TV Critic Anya Logue discusses the underrepresentation of disability in TV, arguing people are not defined by their disabilities, so neither should their on-screen counterparts

Written by Anya
Second year history student at UoB
Images by @seewhatsnext

Disabled people remain one of the most under-represented groups on TV and film. Despite making up 17% of the working-age population in the UK, disabled people only have 5.2% of off-screen roles and 7.8% on screen. On a simple numbers level, disabled people are just not seeing themselves enough on TV.

Seeing people similar to yourself is so important, and this is no different for disabled people. UOB student Matthew Logue, who has cerebral palsy, explains that ‘one of the reasons people engage with fiction is to find characters that they identify with, and having a disability can have a large effect on someone’s life – so a character who also has a disability may have similar experiences.’

Seeing people similar to yourself on TV is so important, and this is no different for disabled people

Disabled representation would also greatly help to break stereotypes and ignorance that many able-bodied people could harbour unknowingly. A lot of the time, people simply do not understand the nature of different disabilities. Misunderstanding is so common around this issue that 2/3 of people would feel uncomfortable talking to a disabled person, according to a 2014 study.

This leads too many people to a life of being ignored. Many visibly disabled people have to get used to being constantly talked about in the third person in public places or situations like being served in a café. They always have to be the one to approach others in social settings. Often, well-meaning people simply do not know how to react to a person in a wheelchair.

This is where representation can help.

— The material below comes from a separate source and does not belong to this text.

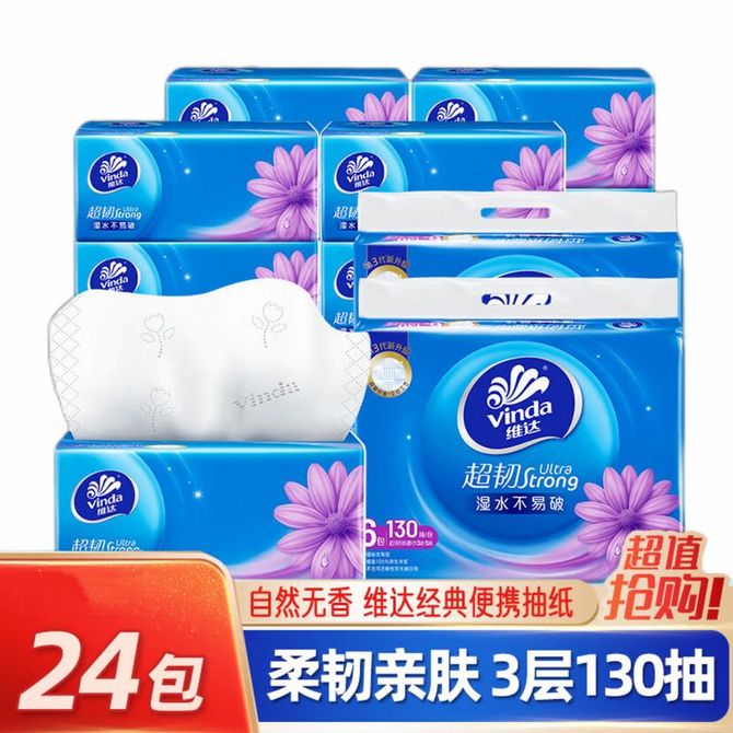 维达 抽纸超韧3层130抽压花卫生纸巾家庭装面巾餐巾纸婴儿卫生纸 下单规格:1提=6包,4提=24包 兑换价格 1100-3200 里程 会员卡别 终身白金卡 白金卡 金卡 银卡 普通卡 儿童卡 服务 由 乘风个护 发货并提供售后 包装数量: 1提 4提 购买数量: 件 库存件 配送地址: 立即购买 加入购物车 成功添加到购物车 关闭 购物车共有 种商品 总金额为: 组合销售 产品介绍 产品规格 售后服务 产品咨询 发现好货 维达卷纸 卫生纸实惠装厕纸家用厕所纸巾手纸整箱批有芯大卷家庭装 1200-2300 里程 维达 Vinda 卷纸 140g/卷*10卷 蓝色经典3层卫生纸 1300 里程 心相印抽纸 茶语丝享系列 量贩家庭装 3层*100抽*4包(茶香 压花) 1100 里程 心相印 经典系列 二层面巾纸 180抽*6包*1提 1100 里程 维达Vinda 超韧系列抽纸(3层*130抽*6包) 原生木浆卫生餐巾纸婴儿面巾纸 6包优惠装 1100 里程

Matthew thinks that ‘representation also helps raise awareness of what it’s like to live with a disability for people who don’t know what it’s like.’ Therefore, even just having more able-bodied people exposed to disabled people on screen, could help transfer a level of understanding and comfort with disability that would make a huge impact on how disabled people are treated in everyday situations.

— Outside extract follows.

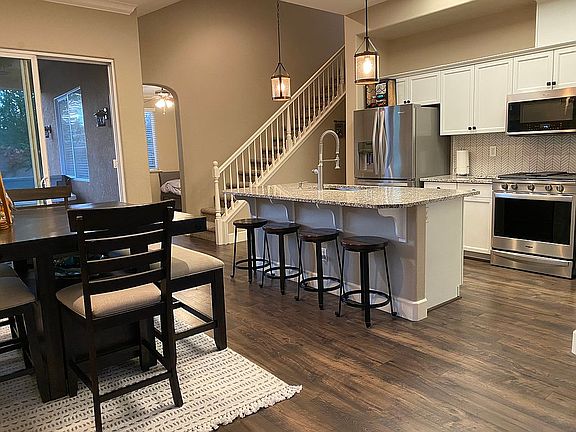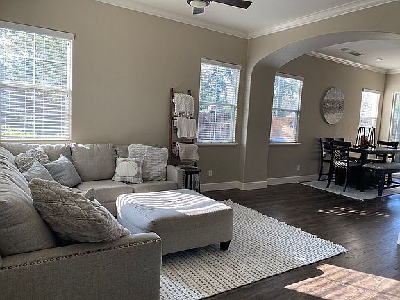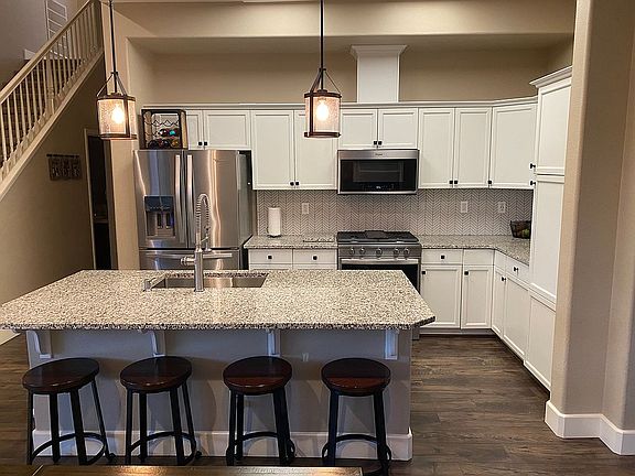 Welcome to 1652 Moore! This 4 bedroom 2.5 bath home is located on a corner lot in the beautifully master-planned Harlan Ranch neighborhood. Upon entry, the living room is charmed by a large, inviting fireplace while Pergo laminate flooring guides you throughout the first story of the home. The kitchen is captivated by granite countertops, updated lighting, chevron backsplash, Whirlpool appliances w/ wifi capability, and a gooseneck faucet. Walking past the kitchen, a media room is tucked away behind the stairs giving the space a cozy and quaint feel while also having the option to double as a fourth bedroom. Down the hall one will find the powder and laundry room right around the corner from the master bedroom, providing convenience for any guest. The master bedroom is equipped with a full bath, double sinks, and walk-in closet. Upstairs two more bedrooms share a full bath. Outside, a covered patio complete with a fan and lights offer an optimal outdoor living space and BBQ area.

However, it is not necessarily just a matter of numbers. The narratives told around characters with disabilities are important to consider. Rare instances where disabled characters do get prominent roles include films like rom-com Me Before You about a man who becomes paralysed after an accident, and biopic The Theory of Everything about Stephen Hawking. However, both of these films show stories that are about disability, and Me Before You ends with a man choosing to commit suicide rather than live with his disability.

These are both stories worth telling, and many viewers (myself included) thought these films did a great job. But they are not the only stories that it is possible to tell about disabled people. The disability is obviously a big part of their lives, just as many peoples’ sexuality, gender, or ethnicity are important to their identities. But people are not defined solely by their disability, and neither should the characters on screen be.

People are not defined solely by their disability, and neither should the characters on screen be

Actor George Robinson, who played wheelchair-user Isaac in Netflix show Sex Education, agrees that narratives around disabled characters should not always focus on their disabilities. He explains that he was inspired by Liz Carr in Silent Witness, because her wheelchair is ‘not a defining characteristic of her part. That’s real, that’s what people are. People aren’t defined by if they can walk or not.’

Robinson believes that ‘the best way we’re going to get authentic stories that don’t come across as ingenuine is by having people with the right experiences playing the right roles.’ Despite the success of films like The Theory of Everything, some think that the fact the lead actor was actually able-bodied could be problematic. In fact, more than 95% of disabled characters on TV are played by able-bodied actors.

One way to help this would be for casting directors to become less narrow-minded in their thinking about exactly what kind of actors they need for each role. For example, Isaac in Sex Education was originally written to be an amputee, but when Robinson auditioned his talent was recognised and the script was rewritten to allow for his spinal cord injury instead. This kind of flexibility is necessary in all casting decisions if disabled people are ever allowed to get a foot in the doorway in the same way that able-bodied people can do without even thinking about it.

The last few years have been amazing for awareness around the importance of representation on TV and film, from campaigns for racial diversity, gender equality, LGBT+ representation to combatting ageism. But the need for disabled representation is too often missing from the conversation, and far too many people are shut out by this.